The destination was Fairburn Ings RSPB Reserve, near Castleford in West Yorkshire. We had always meant to visit the place, but never before made it out there - until now. For over a week a pair of Night Heron had been showing really well at the site. Being the summer of exotic European herons this was our chance to bag one, and if the photographs at Birdguides.com were anything to go by, they posed a straight forward tick - sitting right out, over open water and in the daylight!

It's in the name; Night Heron. Their activities are normally restricted to the nocturnal hours, whilst in the daytime they roost in trees or reedbeds, and so are not always easily viewed. The natural range of these birds usually stretches no further than the Low Countries and their stronghold remains down in the Mediterranean. Yet, here we have two, an adult in beautiful three tone plumage, and a 1st-summer partner that are slightly muddier, making them one very attractive prospect. The reason they wandered into the UK is that they are migratory herons. Unlike our resident hardy Grey Heron, they retreat from the European winter down to tropical Africa, often as early as July. With that sort of large movement, they do turn up in England - perhaps half a dozen or more per year.

We arrived on site around 1pm, joining the ranks of 15 or so other birders, and we all saw nothing for over three hours. We stood and stared at a patch of reedbed and the trees behind, and nothing. Then an inspired find, through the wind-blown gaps of the reeds somebody had found a small feathery patch. Now you needed to find the perfect angle, almost like looking through the eye of a needle, and you could see small areas of the 1st-year bird. A shoulder here, the behind of the head, if lucky the eye or the beak, all of it 30 yards behind reeds already 50 yards away, where the bird was sitting very low in a willow. As a tick, I didn't mind calling it a disappointment. What I was impressed by was the ability of some of the other birders to pick it out, even knowing exactly where it was, locating a scope was far from easy. Oh yes, these guys are good!

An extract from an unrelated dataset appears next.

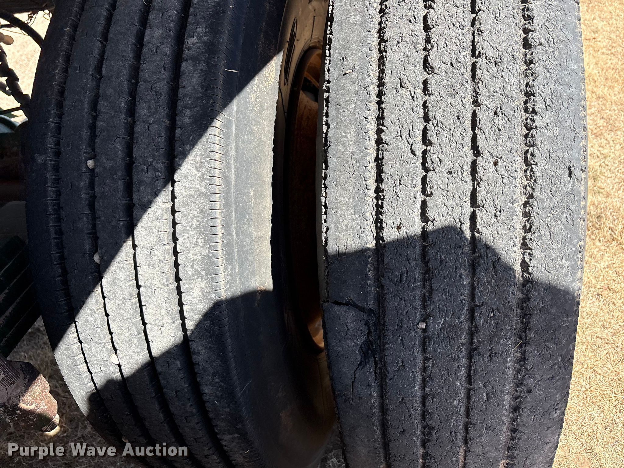 1996 Travis Body & Trailer S99 end dump trailer. VIN: 1T97J2425T1247899. Dimensions Overall Length: 24', Width: 8' 4", Body Length: 24', Width: 7' 6", Side height: 4' 8". Features Body type: Steel, Ram: Single, End gate: Manual. Chassis Landing gear: Dual, Suspension: Spring, Brakes: Air, Axles: Tandem, GVWR: 68,000 lbs, GAWR: 20,000 lbs. Tires Steel wheels, Size: 295/75R22.5, 315/80R22.5, 12R22.5. Notes Tire damage, cracked, Some tires off bead, Rear door issues, will not close. Texas title. Title distribution may be delayed up to 14 days from verification of funds. Estate of James C. Caddell. Lorenzo, TX 79343

After an hour of peeking at those feathery patches, the girlfriend and I decided to investigate the nearby areas of the reserve. Fairburn Ings is a relatively large area of lake and marshland, that looks a perfectly rich habitat for our breeding waders and wintering ducks. Indeed Lapwing, Oystercatcher and Redshank were in decent number, as was a notably large population of Gadwall. My only gripe was the hide, an uncomfortable metal hut that felt not unlike a prison unit. It had large pillars between the locked-open windows and no room to jam a tripod between the seat and the ledge for anybody without a hide clamp. Just a really poor design in comparison to the traditional wooden bird hide.

Back by the roadside, where unbelievably yobs in cars would yell and beep horns at us as they passed by, we were told the immature heron had flown a short distance. That seemed enough for most twitchers who packed up and left. Only a few more determined if less proficient birders remained, hopeful as we were of seeing something better, and we did. The bird was relocated in a creek, showing very well (with a Kingfisher too), to anybody who stood in eye-line through another break in the willows. That meant one viewer at a time, plus somebody tall enough to look over them, i.e. me.
Happily we managed to make sure everybody got a view, and best of all we had a casual birder who brought his smaller daughter to see the heron. She went 'Wow!'. That probably made the coolest moment of the day for me.

By now it was 8:30pm, over seven hours of waiting for this bird, and the elusive adult did not show at all. I read this morning on the sightings websites of 'not present' reports for the herons today recorded at 10:30am. Now come on boys, have a little patience!